JanusGraph FoundationDB storage adapter

I spent some time since the FoundationDB open sourcing announcement last week putting together the first, crude version of a FoundationDB storage adapter for the JanusGraph graph database. JanusGraph is LinuxFoundation hosted fork of TitanDB. We’ll be evaluating it to see if FDB a good fit for the JanusGraph access patterns/use cases but on the face of it, Janus is lacking a good, distributed ACID option for folks, and I think FDB is quite compelling in this department. I plan on picking the experts brains here as I get a bit further along to make sure my implementation/data modeling is sympathetic with FDB best practices.

In the meantime, if anyone is interested in living dangerously, the work in progress can be found here.



Welcome! This is very exciting to see!

Before the Apple acquisition, a FoundationDB employee had been working on a Titan storage adapter for FDB. As I recall, the trouble we ran into was that Titan’s execution engine wasn’t architected in a way that allowed for easy pipelining of reads. This in turn made it tricky to get satisfactory latency from a distributed storage implementation.

I’d be really curious to hear whether this issue has been fixed, and if not then whether you figure out a clever way to work around it. Please do let us know if we can be helpful with any of this!

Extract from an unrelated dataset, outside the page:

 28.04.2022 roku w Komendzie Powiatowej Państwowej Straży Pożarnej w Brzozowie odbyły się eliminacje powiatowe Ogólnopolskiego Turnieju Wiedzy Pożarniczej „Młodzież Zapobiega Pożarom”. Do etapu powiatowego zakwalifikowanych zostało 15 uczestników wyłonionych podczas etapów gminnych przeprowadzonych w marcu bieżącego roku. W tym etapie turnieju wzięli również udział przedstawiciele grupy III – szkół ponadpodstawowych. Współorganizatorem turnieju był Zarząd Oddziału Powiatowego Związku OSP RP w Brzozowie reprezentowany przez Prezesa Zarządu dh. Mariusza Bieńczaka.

This sounds like a terrific idea! I’m very glad to see projects like this. Please keep us up to date on where you get with this…I’m sure lots of folks on the forums will be happy to give advice :slight_smile:

The first thing that came to mind as a pitfall is pretty much exactly what Will said: the simplest way to satisfy a read API will be to create a new transaction for every read (or do the reads purely sequentially). This probably will work, but will may leave you wanting more speed. Two good practices in general for any use of the key value API are:

  1. Each transaction is doing a good number of reads. Transactions need to do the “get read version” step at the start, and it’s best if that cost is amortized over many reads, each of which is very cheap.
  2. Lots of reads are “outstanding” at the same time. This will almost always take the form of lots of reads issued on a Transaction (either get() or getRange()) and the resulting Future objects put into some container. If the code creates many Futures before calling get() on any one of the them, the database will process them all in parallel.

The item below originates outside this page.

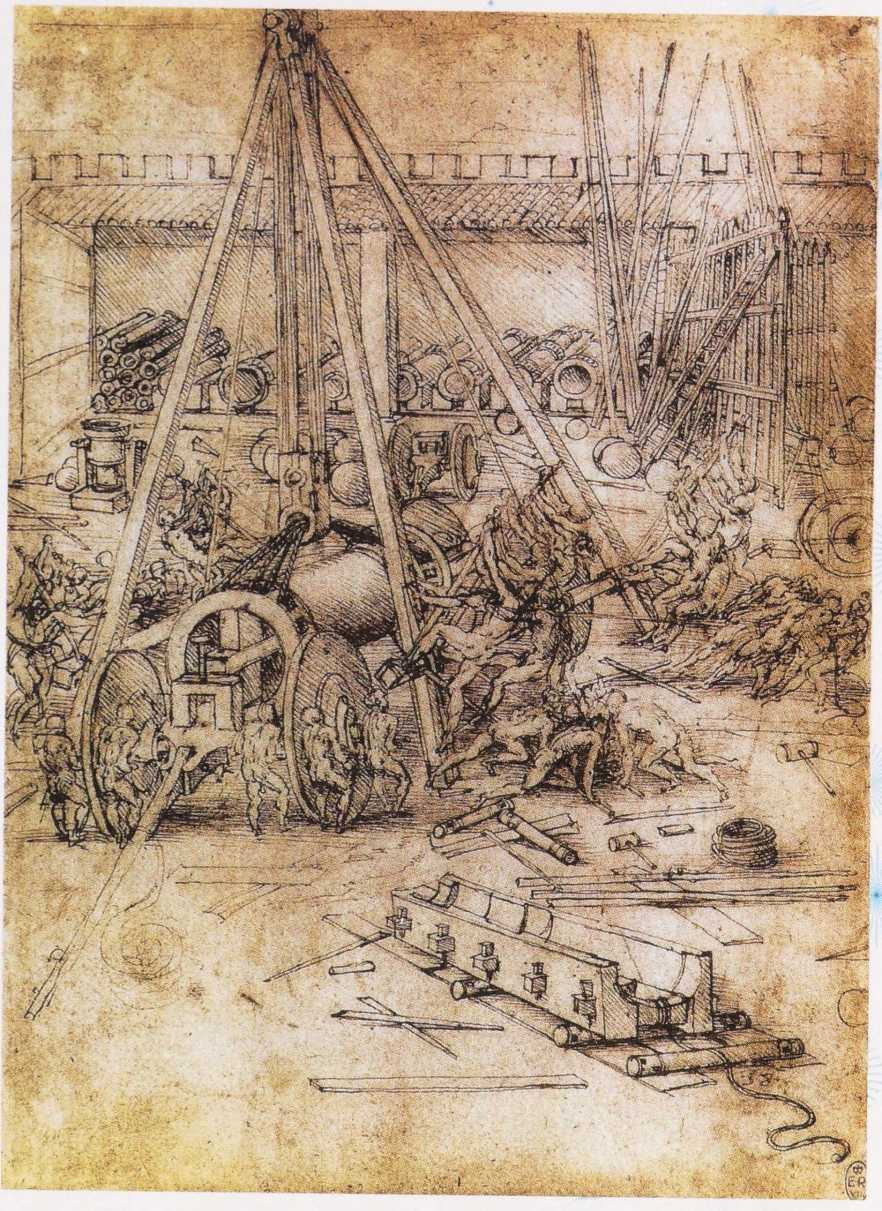 Леонардо да Винчи. Рисунки военных машин. 1487–1490 гг.

Hello and thanks for the input!

We now have the ability to issue parallel, asynchronous read requests against our storage layer of choice within the context of a single transaction. This isn’t on by default at this point, but I think we’ll have it at a good spot fairly soon where it will be. As you all have pointed out, this greatly helps the death by a thousand sequential reads situation that arises if we lazily execute the I/O as we traverse the graph. I’ll continue to refine the first cut implementation and report back with progress, updates, and questions.